Page 11 of 16 – SEC Filing
Change of Control
Upon a change of control (as defined in the Series A Certificate of Designations), Zix is required to redeem the Series A Preferred Stock at a price per share
of Series A Preferred Stock in cash equal to the greater of (i) the Series A Change of Control Redemption Price (as defined below) of such share of Series A Preferred Stock and (ii) (A) the amount of cash such Series A Holder would have
received plus (B) the fair market value of any other assets in each case had such Series A Holder, immediately prior to such change of control, converted such shares of Series A Preferred Stock into shares of Common Stock. The
Series A Change of Control Redemption Price per share of Series A Preferred Stock is the product of the Accreted Value of such share as of the date of determination multiplied by (1) 1.30 (if the change of control occurs before
the first anniversary of the Closing Date), (2) 1.35 (if the change of control occurs on or after the first anniversary of the Closing Date but before the second anniversary of the Closing Date), (3) 1.40 (if the change of control occurs on or after
the second anniversary of the Closing Date but before the third anniversary of the Closing Date), (4) 1.45 (if the change of control occurs on or after the third anniversary of the Closing Date but before the fourth anniversary of the Closing Date)

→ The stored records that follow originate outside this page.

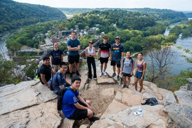 Group of nine young people on a rocky hilltop with a scenic river and green hills in the background.
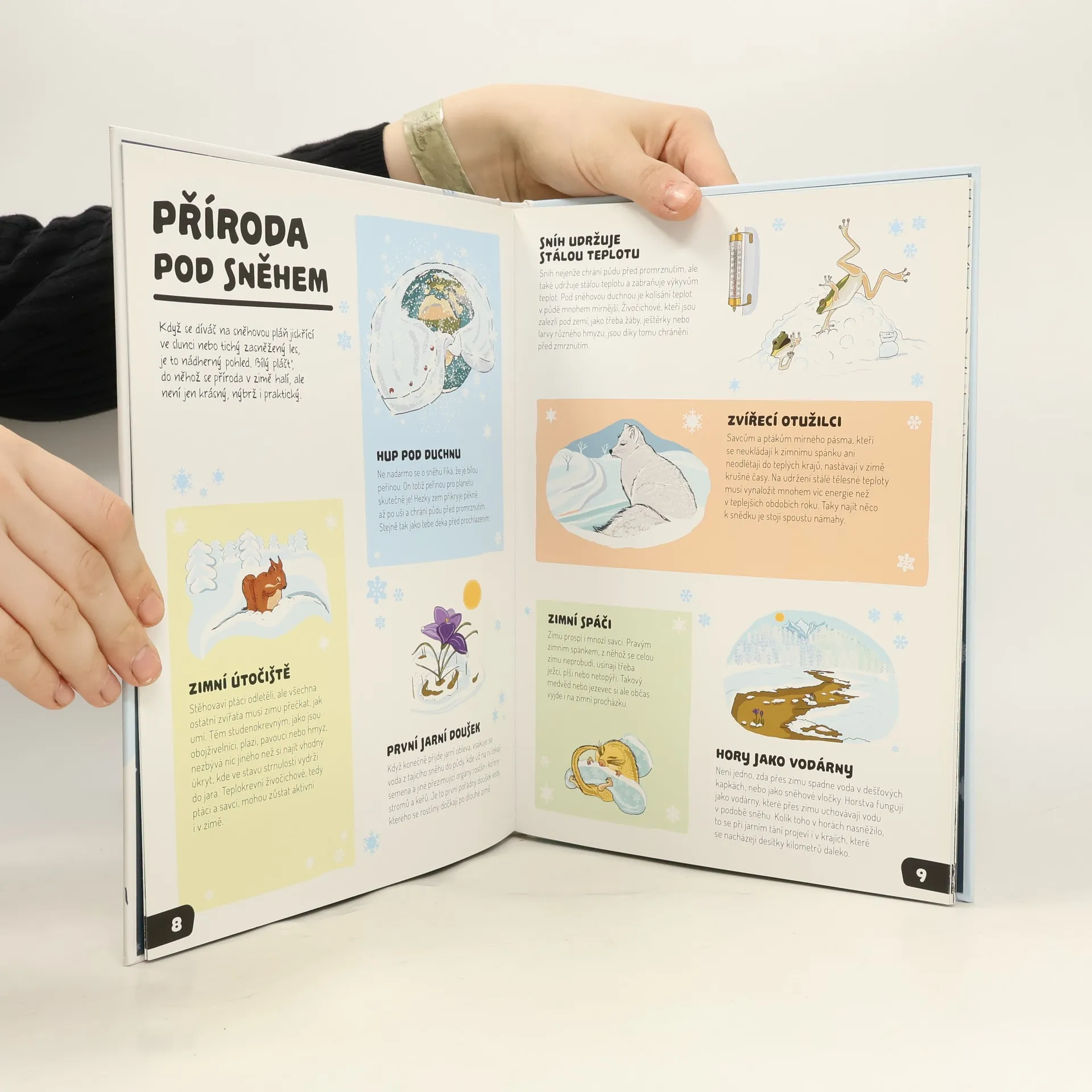 Vitajte v krajine snehu a ľadu. Čiapky a rukavice nasadiť, začína sa polárna expedícia! Ako vzniká sneh a koľko druhov snehu poznáme? Existujú dve rovnaké vločky a na čo je nám sneh a ľad? Na všetky studené otázky dostane každý záujemca mrazené odpovede v balení plnom celostranových ilustrácií, roztváracích chlopní a informácií o zime. Aké to je, keď sa na človeka valí lavína? Ako dobre sa býva v iglu a spí na lôžku zo stvrdnutého ľadu? Čitateľ, ktorý to chce vedieť, nech neváha a vyskúša... Bez teplých rukavíc, šálu a poriadnej čapice sa ale nezaobíde. Pozor... blíži sa snehová búrka!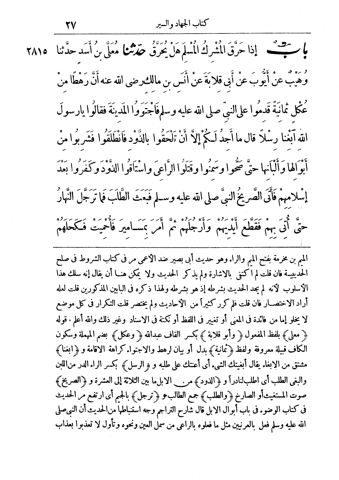 2815 - حَدَّثَنَا مُعَلَّى بْنُ أَسَدٍ حَدَّثَنَا وُهَيْبٌ عَنْ أَيُّوبَ عَنْ أَبِي قِلَابَةَ عَنْ أَنَسِ بْنِ مَالِكٍ رَضِيَ اللَّهُ عَنْهُ أَنَّ رَهْطًا مِنْ عُكْلٍ ثَمَانِيَةً قَدِمُوا عَلَى النَّبِيِّ صَلَّى اللَّهُ عَلَيْهِ وَسَلَّمَ فَاجْتَوَوْا الْمَدِينَةَ فَقَالُوا يَا رَسُولَ اللَّهِ ابْغِنَا رِسْلًا قَالَ مَا أَجِدُ لَكُمْ إِلَّا أَنْ تَلْحَقُوا بِالذَّوْدِ فَانْطَلَقُوا فَشَرِبُوا مِنْ أَبْوَالِهَا وَأَلْبَانِهَا حَتَّى صَحُّوا وَسَمِنُوا وَقَتَلُوا الرَّاعِيَ وَاسْتَاقُوا الذَّوْدَ وَكَفَرُوا بَعْدَ إِسْلَامِهِمْ فَأَتَى الصَّرِيخُ النَّبِيَّ صَلَّى اللَّهُ عَلَيْهِ وَسَلَّمَ فَبَعَثَ الطَّلَبَ فَمَا تَرَجَّلَ النَّهَارُ حَتَّى أُتِيَ بِهِمْ فَقَطَّعَ أَيْدِيَهُمْ وَأَرْجُلَهُمْ ثُمَّ أَمَرَ بِمَسَامِيرَ فَأُحْمِيَتْ فَكَحَلَهُمْ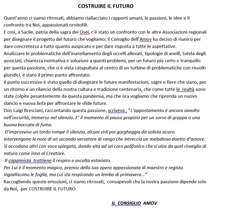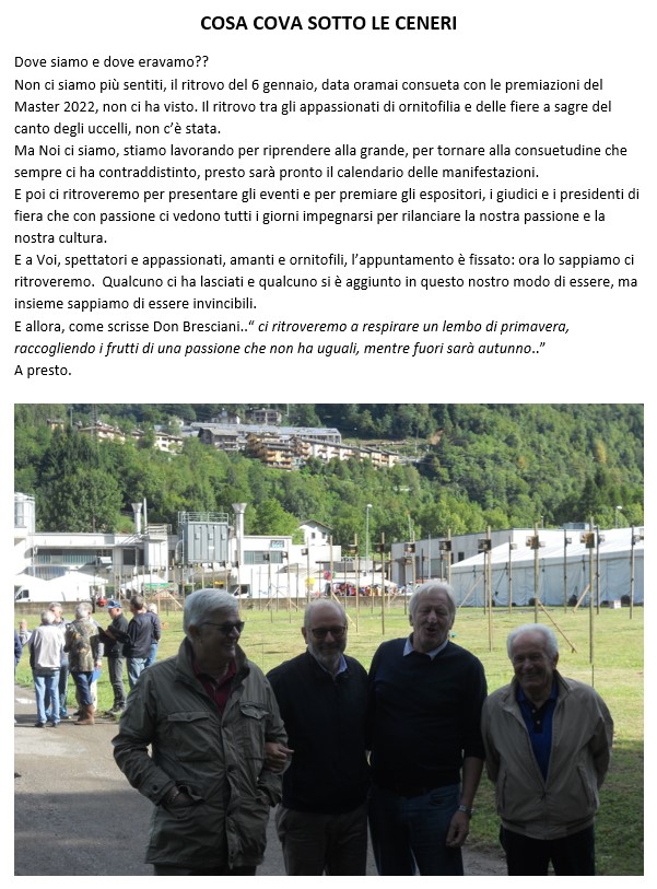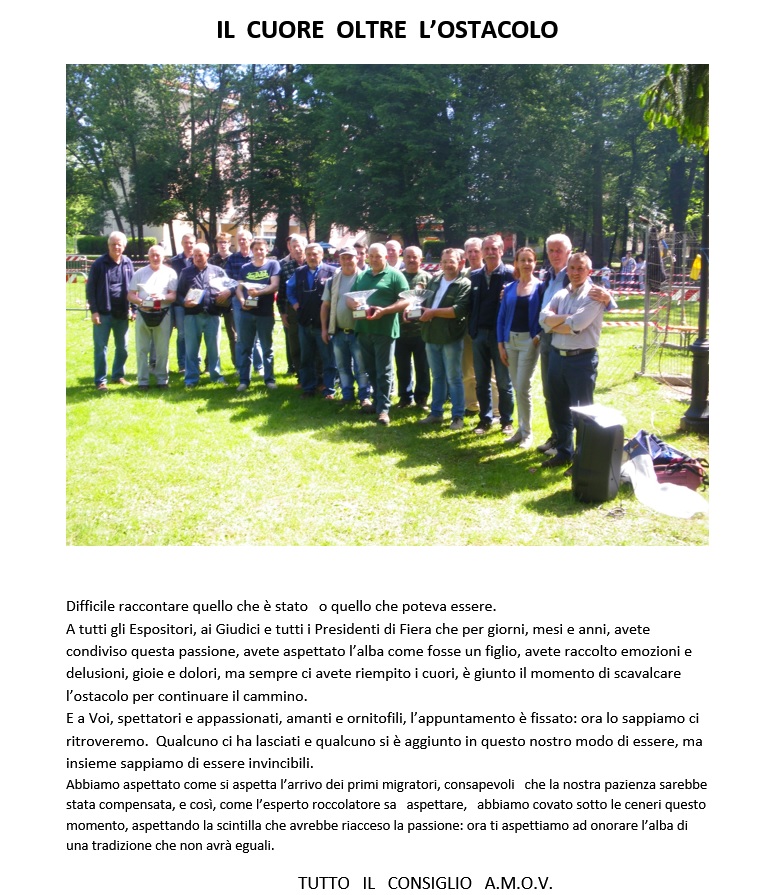 C’è ancora tanto da fare per rilanciare e valorizzare la nostra passione, ma con caparbietà e grazie all’impegno di tanti appassionati ornitofili tutti i pezzi del puzzle stanno tornando la loro posto.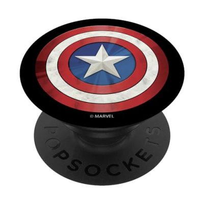 The Marvel Captain America Transforming Shield PopSockets PopGrip is the ultimate accessory for fans of the iconic superhero. This officially licensed PopSocket features a swappable grip that allows you to switch out the top design or remove it completely for wireless charging. The expandable stand lets you watch videos, take group photos, and video chat hands-free. With advanced adhesive, you can easily remove and reposition it on most devices and cases. Please note that it may not stick to silicone, waterproof, or highly textured cases. The PopSocket is available in a sleek black color and has dimensions of 1.60Lx0.50Wx0.30H. Customers have given it a rating of 4.6 out of 5, praising its cute design and durability. However, some users have mentioned that it may not stick well to certain types of cases. Overall, the Marvel Captain America Transforming Shield PopSockets PopGrip is a stylish and functional accessory for any Marvel fan.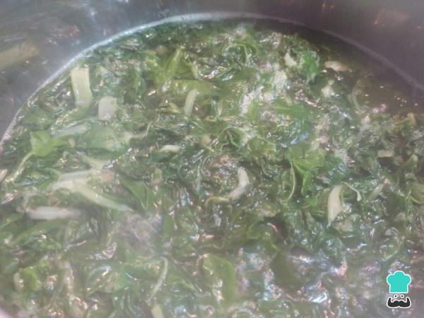 Se lavan bien las acelgas, se cortan en trozos y se ponen a hervir con abundante agua y una pizca de sal en una olla o cacerola.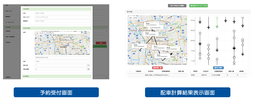 乗合い計算AIシステムでは、乗車位置、空港到着希望時刻の異なる複数のお客様からの予約に対し、最も効率の良い走行ルートとお迎え予想時刻を決定します。同時に、お客様の人数や時間帯に応じて最適な走行車両台数を決定します。 さらに、コールセンタースタッフ向けの予約受付画面や、配車計算結果のビジュアルな表示機能を備え、直感的に運行計画の確認を行うことができます。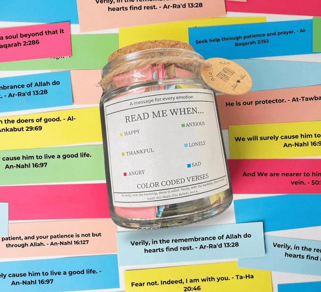 70This Vasve Guidance Jar is a thoughtful gift, filled with colour-coded Quran verses for daily spiritual guidance and comfort. This jar is brand new and comes in its original packaging, ready to bring peace and inspiration to its recipient. Here's what makes it special: * Color-Coded Verses: Each colour represents a different emotion or situation. * Inspirational: Offers daily reminders and spiritual support. * Perfect Gift: Ideal for anyone seeking comfort and guidance from the Quran. If the ad is up, it's available!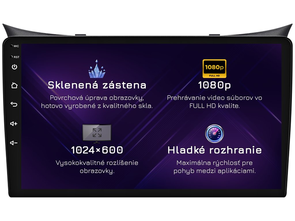 ⚠️ Rozlišení: 1024px x 600px = širokoúhlý Super VGA. Nejběžnější zobrazovací standard pro špičková rádia. Filmy se přehrávají v HD kvalitě.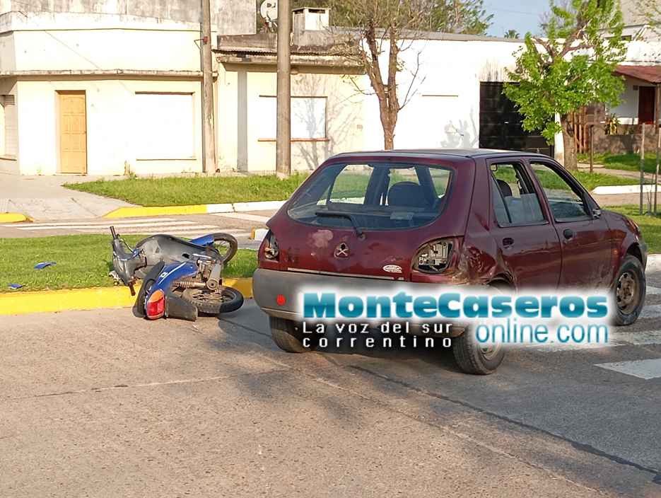 Un nuevo siniestro vial se registró en la ciudad de Monte Caseros. Un automóvil y una motocicleta protagonizaron un accidente de tránsito en la intersección de Tucumán y San Martín.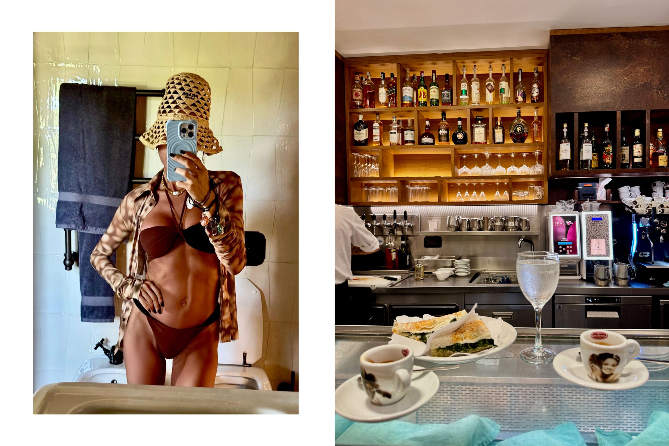 Evenings melted into golden hour swims. The pool mirrored the sky, and I floated until the light disappeared, bond-eye bikini still wet with the day’s adventures. Aperitivos followed by Negronis, olives, the hum of cicadas before wandering into town for dinner under fairy-lit piazzas (location details)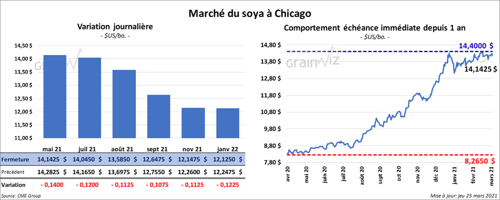 Les contrats de soya US aux échéances les plus rapprochées ont fini la session en baisse entre 10 ¾ et 14 cents. Ceux de tourteau de soya US aux échéances les plus rapprochées ont fait l’inverse en clôturant en hausse entre 1,30 et 3,60 $/tonne. Les contrats d’huile de soya US aux échéances les plus rapprochées ont terminé dans le rouge entre 4,08 % et 4,35 %.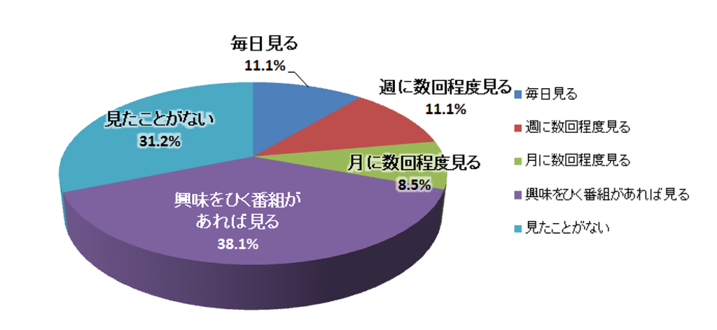 「見たことがない」は平成29年度の38.6%から31.2%に減っており、インターネットを通じて動画視聴する人が増えていることが見受けられます。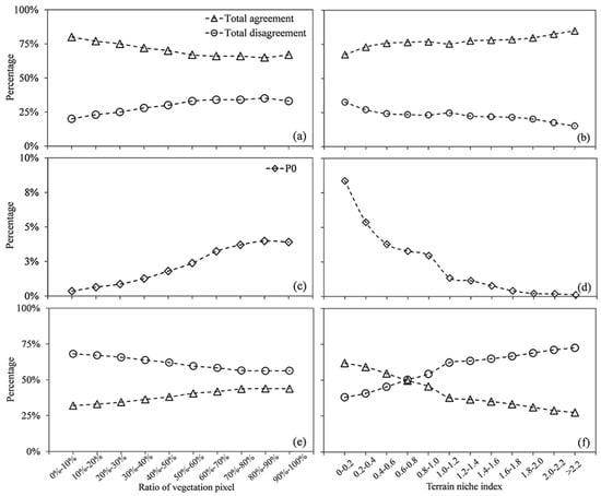 Panels e and f in Figure 10 depict the performances of interannual correlation comparison of the three products under different levels of RVP and TNI. A clear statistical distribution suggests that the percentage of total agreement tends to be decreasing with increasing land-cover heterogeneity (RVP) or surface complexity (TNI), which indicates the long-term correlations of the three products, also showing poor performances under heterogeneous ground surfaces or complicated topography.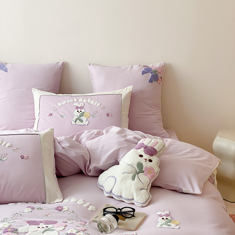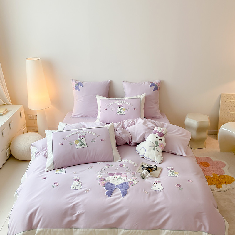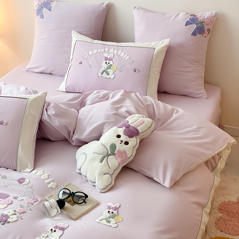 (总)MIU缪家居 2025新款A版兔毛B版牛奶绒四件套屋顶花园,屋顶花园-淡蓝,屋顶花园-浅紫
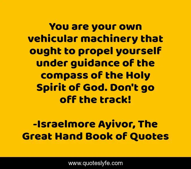 This page presents the quote "You are your own vehicular machinery that ought to propel yourself under guidance of the compass of the Holy Spirit of God. Don't go off the track!". Author of this quote is Israelmore Ayivor, The Great Hand Book of Quotes. This quote is about jesus-christ, jehovah, propel, move, off-track, jesus, god-is-love, god-is-good, food-for-thought,.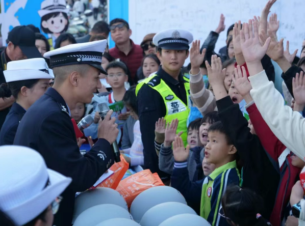 活动现场,交警同志率先带领大家学习交通手势操。“停止信号要伸直手臂,左转弯信号需先摆臂再转向……”伴随着清晰的指令,交警一边示范标准手势,一边讲解每个动作对应的交通含义。市民们纷纷跟随模仿,不仅掌握了识别交警手势的实用技能,更直观感受到交通指挥的严谨性,不少家长还带着孩子一起参与,让交通安全教育从娃娃抓起。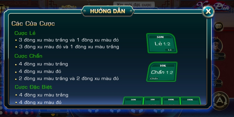 - Cược chẵn: Kết quả hiển thị 4 đỏ/4 trắng hoặc 2 đỏ 2 trắng với mức thanh toán 1:2.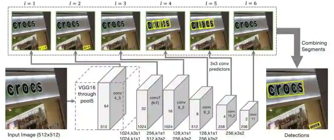 CVPR2017的一篇spotlight论文《Detecting Oriented Text in Natural Images by Linking Segments》介绍以一种可以检测任意角度文本的检测算法,我们一般称这个算法为SegLink,这篇论文既融入CTPN小尺度候选框的思路又加入了SSD算法的思路,达到了当时自然场景下文本检测state-of-art的效果。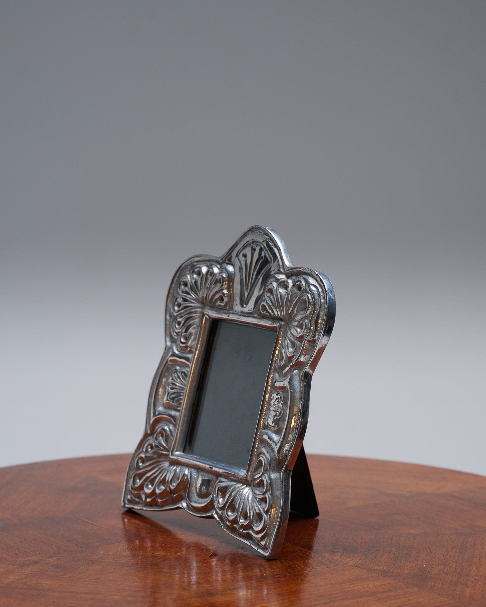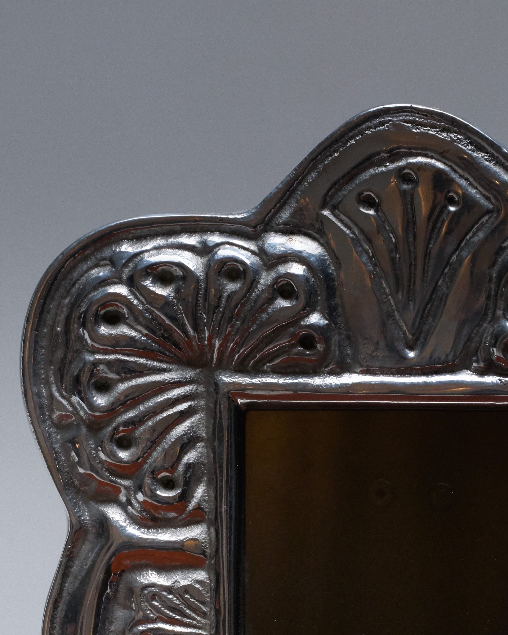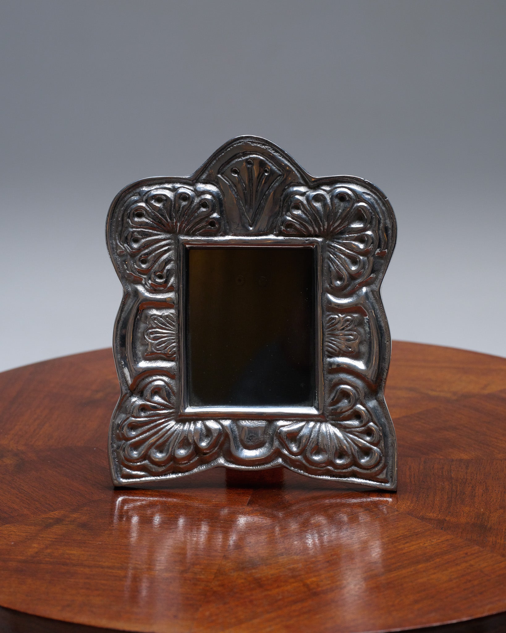 Cadre photo en métal de forme rectangulaire, présentant un décor de feuillage en relief sur son pourtour. Motif symétrique, travail typique des années 1960. Dos à poser. Bel état général.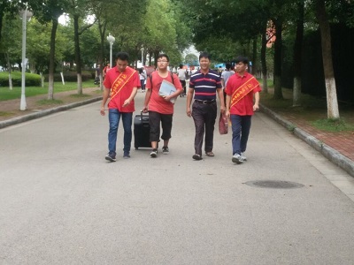 在迎新地点的党员志愿者们同样也尽职尽责,仔细的接待每一位新生和家长,并且有如一个标本,有如楷模,向大家示范怎么去做好迎新工作。大到注册报到,小到宿舍钥匙,他们都耐心讲解,热心服务,以饱满的热情、周到的服务让新生和家长感受到实实在在的温暖。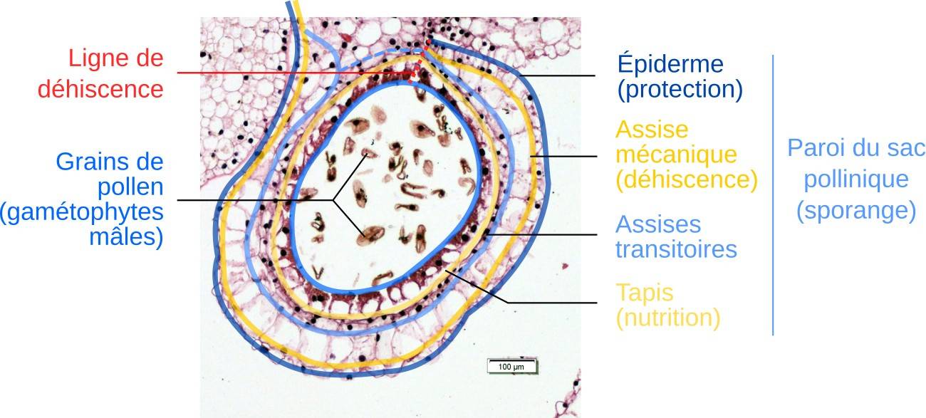 L’anthère est formée de deux paires de sacs polliniques à l’intérieur desquels se forment les grains de pollens. À maturité, les sacs polliniques s’ouvrent au niveau de la zone de déhiscence entre chaque paire et libèrent le pollen. L’anthère est portée par le filet, le tout constituant l’étamine.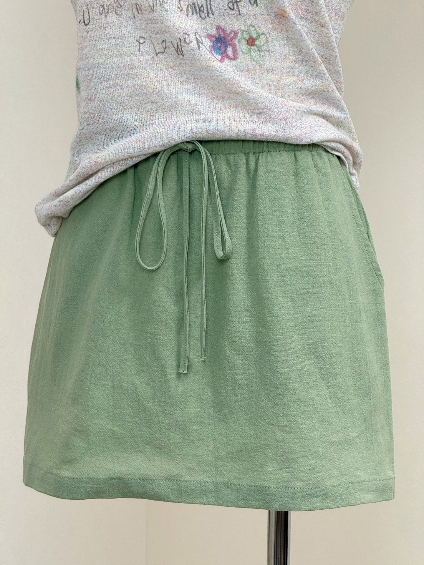 버섯 찹쌀 찹쌀 아마 센스 황록색 반신 스커트

and (5) 1.50 (if the change of control occurs on or after the fourth anniversary of the Closing Date).
Consent Rights
So long as any shares of Series A Preferred Stock are outstanding, the consent of the holders of a majority of the then-outstanding shares of Series A
Preferred Stock is necessary for Zix to effect (1) any amendment, alteration or repeal to the Articles of Incorporation or the Series A Certificate of Designations in a manner that would adversely affect the rights, preferences, privileges or
power of the Series A Preferred Stock, (2) any amendment or alteration to the Articles of Incorporation or any other action to authorize or create, or increase the number of authorized or issued shares of, or any securities convertible into
shares of, or reclassify any security into, or issue any parity stock or senior stock as to dividend or liquidation rights, (3) the issuance of shares of Series A Preferred Stock other than in connection with the conversion of Series B
Preferred Stock that was issued on the Closing Date, (4) any action that would cause Zix to cease to be treated as a domestic corporation for U.S. federal income tax purposes, or (5) the incurrence of indebtedness that would cause Zix to
exceed a specified leverage ratio.
Series B Certificate of Designation
On the Closing Date, the Issuer established the rights and preferences of the shares of the Series B Preferred Stock pursuant to a Certificate of Designations
(the Series B Certificate of Designations), which is in addition to any rights and preferences of Zixs preferred stock provided for in the Articles of Incorporation. The Series B Preferred Stock rank senior to the Common Stock and
on a parity basis with the Series A Preferred Stock with respect to the payment of dividends and distribution of assets upon liquidation, dissolution and winding up.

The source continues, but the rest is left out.